Information supplied >>
=-=-=-=-=

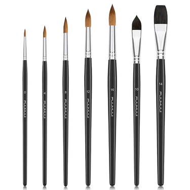 Fuumuui 7pcs Professional Watercolor Brushes - Round Pointed, Flat and Cat's Tongue
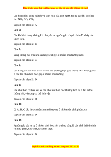 sống của con người và các sinh vật khác. Đáp án cần chọn là: D Câu 2:
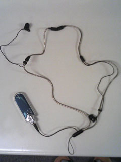 ダイナミック型 インナーイヤーヘッドホン ATH-CK53NS 要はネックストラップ付きイヤホン。主に外を歩く際に使用(だと思う) 自前のMP3プレーヤーを付けて対比を出してみました。 コードが妙にフニャフニャなのは、ケースから出したばかりだからw これの凄いところは、イヤホンをストラップにホールドできるようになっている作り。 (他の製品でもあるんだろうけど、調べてらんない(´・ω・`; 片方の耳でしかイヤホンを使わない状態であっても、もう片方が無駄にプラプラしないのはナイス。 まさに外歩き用。 耳に固定できるような作りではないので、ジョギングなんかには向かないけど。 ストラップもあるので、そういったMP3プレーヤーやケータイを使う場合にも便利そう。 でも、ケータイを首から下げるのって結構重いんだよね……。

=-=-=-=-=

Work required >> Please set down the whole listing exactly, apart from the pictures.

Response below >>
 Fuumuui 7pcs Professional Watercolor Brushes - Round Pointed, Flat and Cat's Tongue
 sống của con người và các sinh vật khác. Đáp án cần chọn là: D Câu 2:
 ダイナミック型 インナーイヤーヘッドホン ATH-CK53NS 要はネックストラップ付きイヤホン。主に外を歩く際に使用(だと思う) 自前のMP3プレーヤーを付けて対比を出してみました。 コードが妙にフニャフニャなのは、ケースから出したばかりだからw これの凄いところは、イヤホンをストラップにホールドできるようになっている作り。 (他の製品でもあるんだろうけど、調べてらんない(´・ω・`; 片方の耳でしかイヤホンを使わない状態であっても、もう片方が無駄にプラプラしないのはナイス。 まさに外歩き用。 耳に固定できるような作りではないので、ジョギングなんかには向かないけど。 ストラップもあるので、そういったMP3プレーヤーやケータイを使う場合にも便利そう。 でも、ケータイを首から下げるのって結構重いんだよね……。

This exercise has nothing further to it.